I’m a tentative writer–my pen creeps across the shadowed page as if my journal does not belong to me, but to the prying eyes of a nonexistent readership. It’s all a performance, if you will; her tortured poet, partner only in life, will pour tears over my mystifying death and then release my calculated private thoughts to the literary world, to be dissected by scholars and outraged, angry students, so I try to write intelligently about the human experience as if I am already history worth remembering. History written about in history books in national curriculums, not forgotten tombstones and fading memories. I’ve sacrificed my entire being, body, and soul, to the crappy literature (it’s probably not literature, but pop fiction) that I write once a month and my non-existent readers, so much that I believe the illusion sprawled in black ink is the girl here, the one whose self feels so forced.

I’d like to believe that I’m more interesting than who I really am–when I lie in bed, I think of looming deadlines and my quiet self and smiling photographs of my friends on my Snapchat story and think to myself, is this fictitious? I am full of so many doubts about the mundane and it feels like they’re constantly being tattooed on my brain, both new doubts and bad habits haunting me from times I knew myself less. It’s hard to escape from it, the little ache that has found its home in my body; it feels almost as if my body is betraying me, from the smallest rumbling to panic attacks–why can’t you just be harmonious–grow and breathe and sway gently in the wind like those roses Dad planted in the backyard, so seamlessly that people take photos and admire them from their screens. They are so beautiful, like Joycean descriptions of snow, except so full of red vivacity and sensitivity and universality of the human spirit (whatever the human spirit is).

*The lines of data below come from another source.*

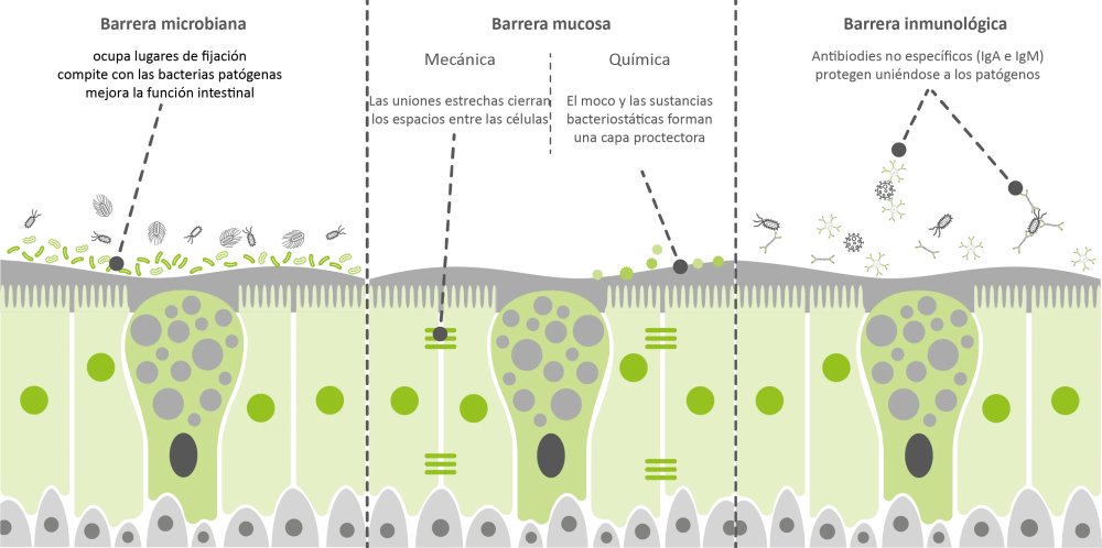 Los lechones desarrollan una comunidad microbiana diversa y compleja en el tracto gastrointestinal a través del consumo de leche y la exposición al ambiente externo. Este equilibrio dinámico entre las diferentes bacterias intestinales beneficiosas constituye la barrera microbiana. La barrera microbiana tiene tres funciones básicas que proporcionan una primera línea de defensa contra los patógenos: 1) ocupar los sitios de unión y adhesión; 2) competir con las bacterias patógenas por los nutrientes; y 3) mejorar la función intestinal. La microbiota está frecuentemente expuesta a diversos antígenos y los componentes microbianos de los alimentos están particularmente influenciados por la dieta. Además, los cambios microbianos pueden afectar significativamente el crecimiento y desarrollo de los animales.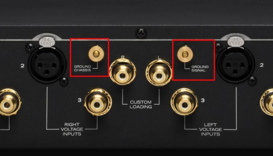 Заземление шасси: Используется для заземления проигрывателей с одним заземлением или для заземления моторного отсека или цоколя на проигрывателях с несколькими заземлениями.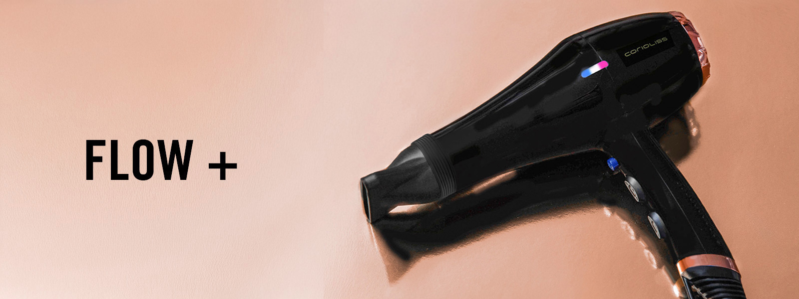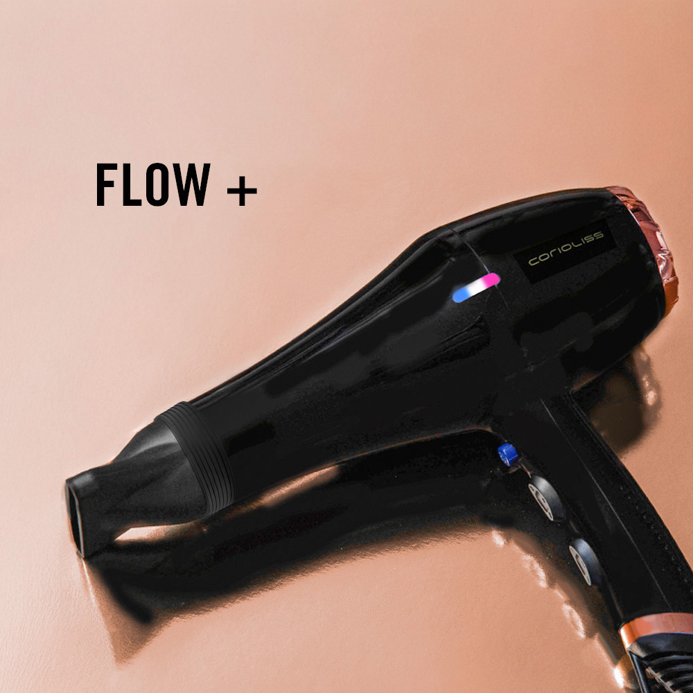 FLOW + Este secador Cuenta con un motor DC de 2000W, 3 ajustes de temperatura y 2 de velocidad. Incluye dos boquillas para aumentar la precisión en el peinado y su cable es de 3 metros, perfecto para utilizar en el salón.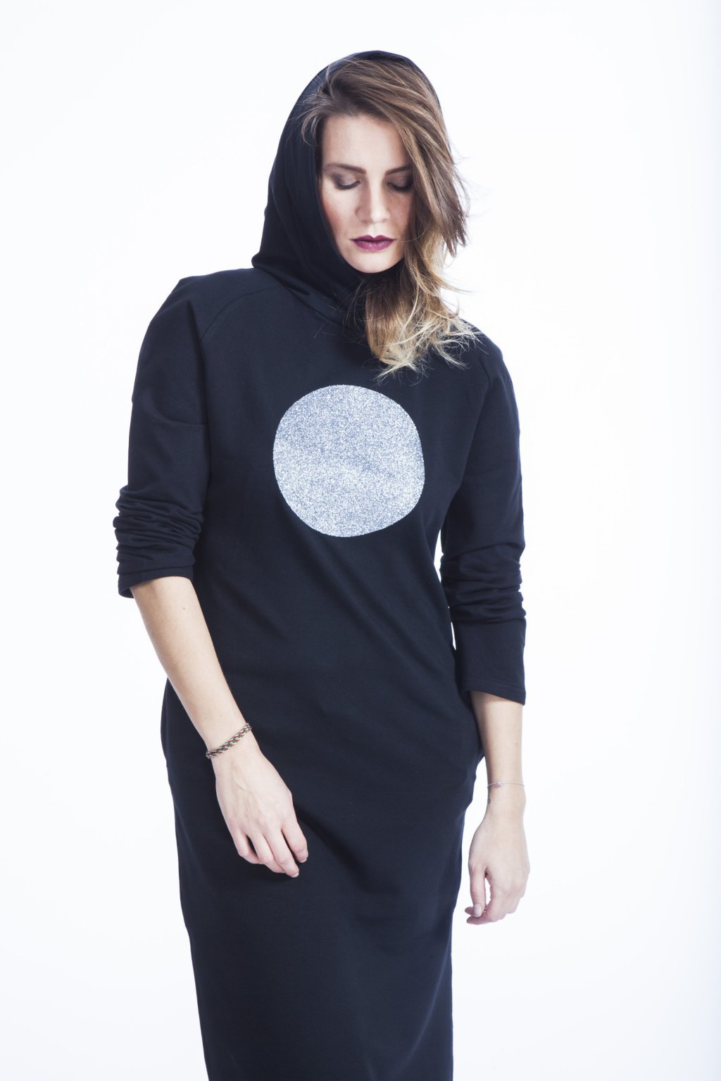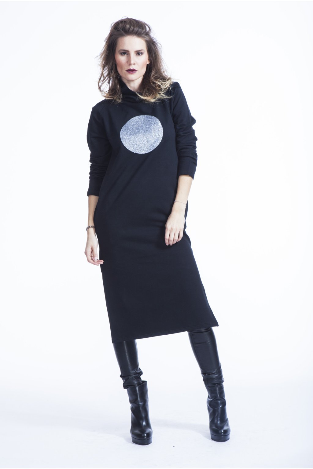Potisk GLITTER se krásně třpytí, hodí se na slavnostnější chvíle a dodává šatům punc vyšší elagance. Šaty jsou rovného střihu. Dlouhý raglánový rukáv. Boční kapsy. Rozparky po stranách.

Last week, I drank away my anxiety on the dance floor–wine aunt-drunk. In absolute stupor, unravelling in nostalgic and present tunes, I expect to slip away from self-consciousness for a few hours and have a good boogie surrounded by my friends, perhaps even think to myself, ah, you’ve found yourself finally, without needing to travel to Europe or Asia–university is all about finding yourself, finally! Then I’d wobble around in heels acting as if I am the most interesting person in the entire world, acting as if I know who I am. In reality, I become a Picasso painting of myself–fragments of who I want to be, still steeped in past anxieties and half drunkenness. I am exaggerated, my form blurred in the mirror, because of outdated contact lenses that hurt my eyes. To see myself more clearly, I hold up my iPhone to the mirror, loading up my Snapchat.

I closely watch the girl on the screen: a dark silhouette, shoulders illuminated by dim green light. With a click, it’s as if she’s frozen in time.